To answer this question, I focus on occasions where a hitter plays 3 days in row at any point in the season after they’ve played at least 20 total games. I refer to these 3 game sequences as ‘prior-to-last’, ‘last’ & ‘today’. I’m interested in what I can predict about ‘today’ (the 3rd game in the sequence) based on what happened in the prior-to-last and last games along with knowledge of the hitter’s season-to-date performance.
The analysis covers the entire 2016 MLB season. All points values are for the FanDual scoring system in use during the 2016 season.
- For every hitter, calculate their season-to-date Fantasy Point Per Game (FPPG) for all games played prior to ‘today’. (Note that this includes ‘prior-to-last’ and ‘last’.)
- For every hitter, calculate their most recent 2-game average FPPG by averaging points entered in the ‘prior-to-last’ and ‘last’ game. Convert these values into bucketed ranges.
- Group hitters into similar performance bands based on their season-to-date results. (I want to compare performance in the third game among hitters who are similarly capable overall, and differ only in how their two last games unfolded.)
- Calculate summary statistics for ‘today’ for hitters in similar performance bands, cut by prior 2-game results.

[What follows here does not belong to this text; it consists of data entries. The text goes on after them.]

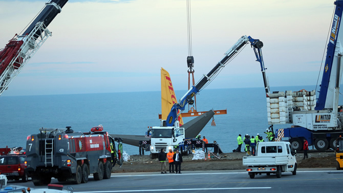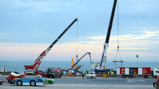 Trabzon Havalimanı'na indikten sonra pistten çıkan ve iniş takımları denize bakan dik yamaçta balçığa saplanması sonucu durabilen yolcu uçağının kaldırılması amacıyla Devlet Hava Meydanları İşletmesine bağlı Havalimanı Kurtarma ve Yangınla Mücadele Birimi ekiplerince başlatılan çalışmalar devam ediyor.
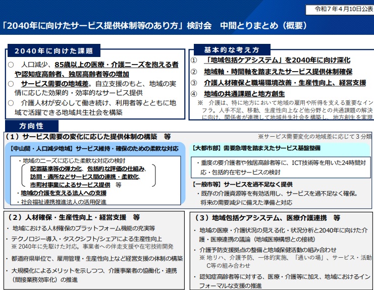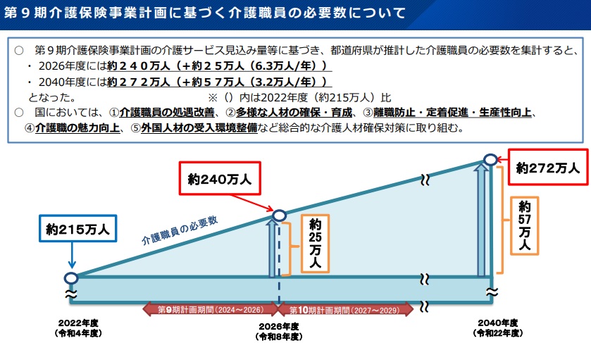 都道府県や公的機関、養成施設、事業者、などの役割を明確にした上で、若者・高齢者・未経験者などを確保する具体的な方向性を今秋にもまとめる。
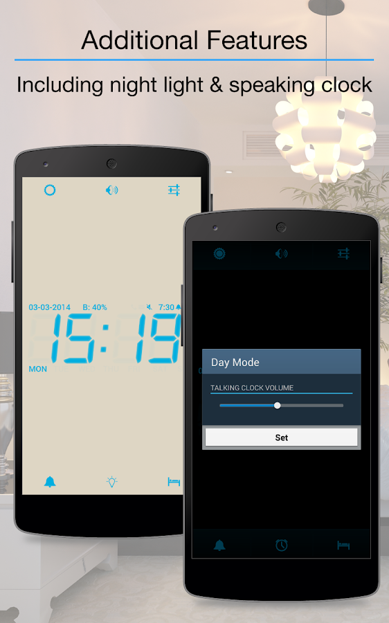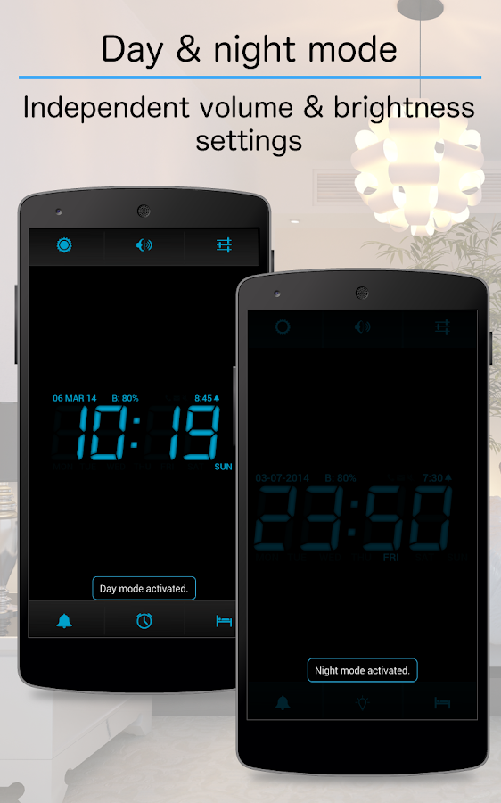 • Day & Night mode with individual brightness and volume settings

All of that might be easier to understand with a picture. Here is a small annotated excerpt of the 2016 Scoring Logs provided by DFS On Demand. I didn’t actually do this analysis in Excel, but this will help explain the steps.
As of 4/26/16, Albert Pujols had played 20 regular season games so this is the earliest date for which he is included in the analysis. This image contains 7 occasions where Albert Pujols played 3 days in row as noted by the ‘Y’ in the row labeled Today. Notice that these periods can be overlapping.
Let’s say ‘Today’ is 5/4. On the morning of 5/4, Pujols’ season-to-date average was 9.0 FPPG (average of 4/4 to 5/3) and the average of his last 2 games (5/2 and 5/3) was 14.1. In the game on 5/4, he posted 6 fantasy points.
The question is, among hitters averaging near 9.0 overall, when their last 2 games average near 14, what should be expect from the next game. You could simplify this and ask, will the next game be closer to the season average of 9 or closer to the 2-game streak of 14?
In this picture there are 7 instances to analyze for just 1 hitter. Across all hitters for the whole season, I had 16,751 instances to analyze.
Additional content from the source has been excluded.